[DATA TO USE Boundary: Start]
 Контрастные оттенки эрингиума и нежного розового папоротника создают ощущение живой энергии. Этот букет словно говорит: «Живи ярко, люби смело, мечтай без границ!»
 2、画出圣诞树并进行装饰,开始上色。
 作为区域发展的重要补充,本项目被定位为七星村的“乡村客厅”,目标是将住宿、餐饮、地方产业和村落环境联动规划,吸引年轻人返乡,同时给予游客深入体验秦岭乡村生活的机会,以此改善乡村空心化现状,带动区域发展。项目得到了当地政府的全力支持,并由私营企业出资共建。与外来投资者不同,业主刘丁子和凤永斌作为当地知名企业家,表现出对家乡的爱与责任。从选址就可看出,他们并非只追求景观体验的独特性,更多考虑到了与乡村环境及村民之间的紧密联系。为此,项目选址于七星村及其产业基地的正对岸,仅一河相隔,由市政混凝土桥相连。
[DATA TO USE Boundary: End]
[DATA TO USE Boundary: Start]
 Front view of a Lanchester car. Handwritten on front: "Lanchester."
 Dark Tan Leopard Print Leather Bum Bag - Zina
[DATA TO USE Boundary: End]
[DATA TO USE Boundary: Start]
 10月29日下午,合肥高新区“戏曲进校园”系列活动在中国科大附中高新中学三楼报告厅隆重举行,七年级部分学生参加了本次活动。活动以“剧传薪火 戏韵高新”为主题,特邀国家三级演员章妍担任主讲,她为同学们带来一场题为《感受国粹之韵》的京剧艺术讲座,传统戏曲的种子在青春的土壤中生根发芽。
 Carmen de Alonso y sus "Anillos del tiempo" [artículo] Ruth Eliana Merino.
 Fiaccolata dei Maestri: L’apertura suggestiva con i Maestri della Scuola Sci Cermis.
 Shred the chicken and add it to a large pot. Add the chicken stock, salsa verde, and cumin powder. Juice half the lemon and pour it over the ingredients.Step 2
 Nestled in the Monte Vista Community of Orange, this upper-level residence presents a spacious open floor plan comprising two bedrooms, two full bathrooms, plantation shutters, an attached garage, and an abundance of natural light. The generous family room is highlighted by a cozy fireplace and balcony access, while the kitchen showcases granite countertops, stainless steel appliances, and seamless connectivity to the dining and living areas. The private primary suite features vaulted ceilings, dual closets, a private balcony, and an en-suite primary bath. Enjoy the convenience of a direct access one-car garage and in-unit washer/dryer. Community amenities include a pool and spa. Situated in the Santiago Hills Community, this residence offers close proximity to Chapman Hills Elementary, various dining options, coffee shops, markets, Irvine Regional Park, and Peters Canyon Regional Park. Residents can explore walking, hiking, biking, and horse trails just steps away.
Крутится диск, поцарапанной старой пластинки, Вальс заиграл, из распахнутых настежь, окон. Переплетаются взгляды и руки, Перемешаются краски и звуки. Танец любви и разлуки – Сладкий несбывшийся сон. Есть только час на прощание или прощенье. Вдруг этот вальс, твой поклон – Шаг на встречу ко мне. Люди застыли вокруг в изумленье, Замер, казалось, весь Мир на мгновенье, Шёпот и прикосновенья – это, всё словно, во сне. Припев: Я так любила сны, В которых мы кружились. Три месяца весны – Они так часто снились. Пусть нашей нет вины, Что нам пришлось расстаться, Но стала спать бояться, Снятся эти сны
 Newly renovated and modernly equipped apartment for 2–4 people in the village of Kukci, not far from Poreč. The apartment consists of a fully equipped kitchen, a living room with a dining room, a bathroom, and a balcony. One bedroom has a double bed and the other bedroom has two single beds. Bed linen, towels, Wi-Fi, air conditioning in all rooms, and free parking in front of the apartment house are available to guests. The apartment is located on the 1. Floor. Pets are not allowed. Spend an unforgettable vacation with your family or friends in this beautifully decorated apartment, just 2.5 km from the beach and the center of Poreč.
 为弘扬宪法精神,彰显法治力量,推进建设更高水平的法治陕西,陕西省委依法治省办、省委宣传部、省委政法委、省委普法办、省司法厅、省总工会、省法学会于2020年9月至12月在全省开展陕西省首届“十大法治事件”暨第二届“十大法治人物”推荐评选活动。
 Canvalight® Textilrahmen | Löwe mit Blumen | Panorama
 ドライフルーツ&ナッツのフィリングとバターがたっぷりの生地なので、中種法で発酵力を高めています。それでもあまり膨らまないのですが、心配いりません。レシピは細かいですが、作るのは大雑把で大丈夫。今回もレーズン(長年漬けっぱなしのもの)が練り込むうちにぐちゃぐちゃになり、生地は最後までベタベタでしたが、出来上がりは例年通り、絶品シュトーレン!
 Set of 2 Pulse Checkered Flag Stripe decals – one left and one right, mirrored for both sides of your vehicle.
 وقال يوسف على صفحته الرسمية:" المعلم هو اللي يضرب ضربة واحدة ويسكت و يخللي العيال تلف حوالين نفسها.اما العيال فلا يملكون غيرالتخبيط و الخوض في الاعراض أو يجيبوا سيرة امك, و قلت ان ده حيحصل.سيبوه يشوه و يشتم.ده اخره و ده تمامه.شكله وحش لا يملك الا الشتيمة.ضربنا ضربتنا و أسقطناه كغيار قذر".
[DATA TO USE Boundary: End]
▶ **EXERCISE OBJECTIVE**:
Where the data above reaches the line holding "为弘扬宪法精神,彰显法治力量", begin printing, and stop after the line holding "Set of 2 Pulse". Each line must be reproduced exactly, with nothing else added.

▶ **SOLUTION FOR THIS PROBLEM**:
 为弘扬宪法精神,彰显法治力量,推进建设更高水平的法治陕西,陕西省委依法治省办、省委宣传部、省委政法委、省委普法办、省司法厅、省总工会、省法学会于2020年9月至12月在全省开展陕西省首届“十大法治事件”暨第二届“十大法治人物”推荐评选活动。
 Canvalight® Textilrahmen | Löwe mit Blumen | Panorama
 ドライフルーツ&ナッツのフィリングとバターがたっぷりの生地なので、中種法で発酵力を高めています。それでもあまり膨らまないのですが、心配いりません。レシピは細かいですが、作るのは大雑把で大丈夫。今回もレーズン(長年漬けっぱなしのもの)が練り込むうちにぐちゃぐちゃになり、生地は最後までベタベタでしたが、出来上がりは例年通り、絶品シュトーレン!
 Set of 2 Pulse Checkered Flag Stripe decals – one left and one right, mirrored for both sides of your vehicle.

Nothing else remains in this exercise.